A lagoon is a shallow body of water separated from a larger body of water by a narrow landform, such as a reef, a barrier island or islands, a barrier peninsula, or an isthmus. Lagoons are commonly divided into coastal lagoons (or barrier lagoons) and atoll lagoons. They have also been identified as occurring on mixed-sand and gravel coastlines. There is an overlap between bodies of water classified as coastal lagoons and bodies of water classified as estuaries. Lagoons are common coastal features around many parts of the world.

==Definition and terminology==
Lagoons are shallow, often elongated bodies of water separated from a larger body of water by a shallow or exposed shoal, coral reef, or similar feature. Some authorities include fresh water bodies in the definition of "lagoon", while others explicitly restrict "lagoon" to bodies of water with some degree of salinity. The distinction between "lagoon" and "estuary" also varies between authorities. Richard A. Davis Jr. restricts "lagoon" to bodies of water with little or no fresh water inflow, and little or no tidal flow, and calls any bay that receives a regular flow of fresh water an "estuary". Davis does state that the terms "lagoon" and "estuary" are "often loosely applied, even in scientific literature". Timothy M. Kusky characterizes lagoons as normally being elongated parallel to the coast, while estuaries are usually drowned river valleys, elongated perpendicular to the coast. Coastal lagoons are classified as inland bodies of water.

When used within the context of a distinctive portion of coral reef ecosystems, the term "lagoon" is synonymous with the term "back reef" or "backreef", which is more commonly used by coral reef scientists to refer to the same area.

Many lagoons do not include "lagoon" in their common names. Currituck, Albemarle and Pamlico Sounds in North Carolina, Great South Bay between Long Island and the barrier beaches of Fire Island in New York, Isle of Wight Bay, which separates Ocean City, Maryland from the rest of Worcester County, Maryland, Banana River in Florida, US, Lake Illawarra in New South Wales, Australia, Montrose Basin in Scotland, and Broad Water in Wales have all been classified as lagoons, despite their names.
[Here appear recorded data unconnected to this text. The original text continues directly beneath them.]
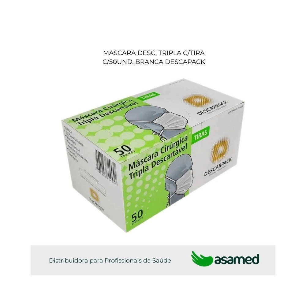 • A Máscara Cirúrgica Tripla Descarpack é indicada para proteção usuário contra as patologias de transmissão aérea por gotículas e da projeção de fluídos corpóreos que possam atingir as vias respiratórias, minimizando tanto a contaminação do ambiente, quanto do usuário.
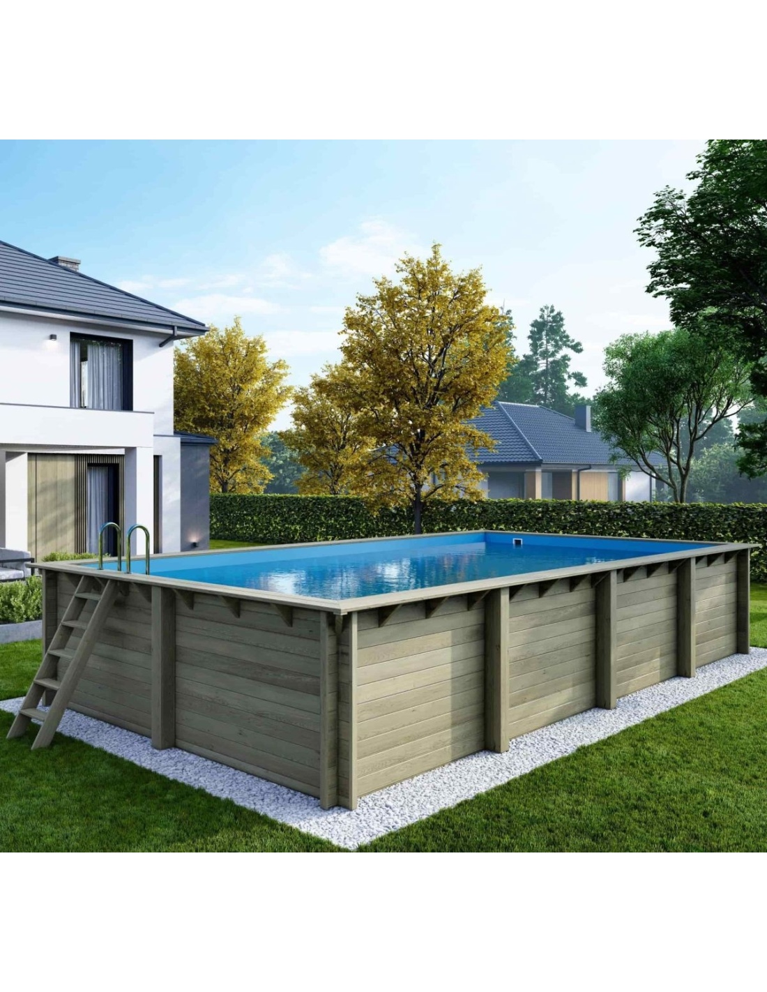 Der Pool besteht aus imprägniertem Kiefernholz, das nicht nur optisch überzeugt, sondern dank des Imprägnierungsprozesses:
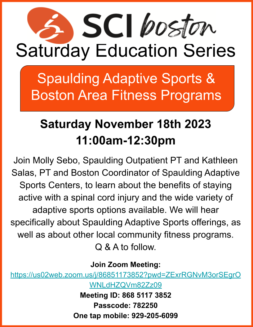 Join Molly Sebo, Spaulding Outpatient PT and Kathleen Salas, PT and Boston Coordinator of Spaulding Adaptive Sports Centers, to learn about the benefits of staying active with a spinal cord injury and the wide variety of adaptive sports options available. We will hear specifically about Spaulding Adaptive Sports offerings, as well as about other local community fitness programs.

In England, The Fleet at Chesil Beach has also been described as a lagoon.

===Etymology===
Lagoon is derived from the Venetian łaguna, which refers to the waters around Venice, i.e. the Venetian Lagoon; that in itself descends from lacuna derivant of lacus “lake”. Laguna is attested in English by at least 1612, and had been Anglicized to lagune by 1673. In 1697 William Dampier referred to a "Lagune or Lake of Salt water" on the coast of Mexico. Captain James Cook described an island "of Oval form with a Lagoon in the middle" in 1769. In Latin America, the Romance Spanish cognate laguna may be used for a small fresh water lake in a similar way a creek is considered a small river. However, sometimes it is popularly used to describe a full-sized lake, such as Laguna Catemaco in Mexico, which is actually the third-largest lake by area in the country. The brackish water lagoon may be thus explicitly identified as a "coastal lagoon" (laguna costera). Similarly in Portuguese, lagoa may be a body of shallow seawater, or a small freshwater lake not linked to the sea.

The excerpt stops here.